For this exercise, reproduce only the lines from the one holding "桧垣獏さんの総運は44画の2点!" through the final line of the data below, exactly, and omit pictures.

*** Opening INFORMATION SHOWN ***

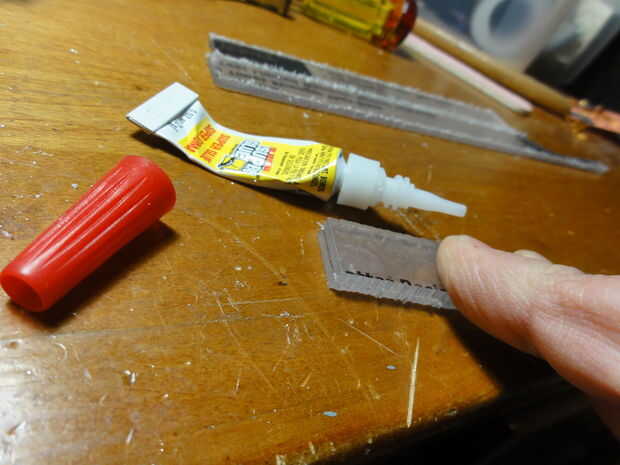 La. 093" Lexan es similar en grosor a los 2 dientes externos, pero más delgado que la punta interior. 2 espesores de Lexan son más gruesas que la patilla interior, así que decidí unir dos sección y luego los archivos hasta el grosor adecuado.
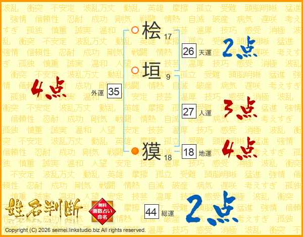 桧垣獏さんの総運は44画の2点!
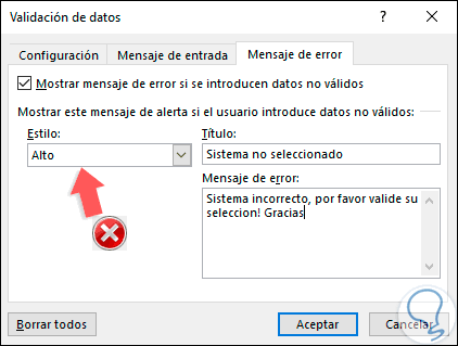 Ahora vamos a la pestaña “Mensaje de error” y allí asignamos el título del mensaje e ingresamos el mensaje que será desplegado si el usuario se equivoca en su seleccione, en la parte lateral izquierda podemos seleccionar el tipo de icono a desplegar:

*** Closing INFORMATION SHOWN ***

> _WRITTEN ANSWER_:
 桧垣獏さんの総運は44画の2点!
 Ahora vamos a la pestaña “Mensaje de error” y allí asignamos el título del mensaje e ingresamos el mensaje que será desplegado si el usuario se equivoca en su seleccione, en la parte lateral izquierda podemos seleccionar el tipo de icono a desplegar:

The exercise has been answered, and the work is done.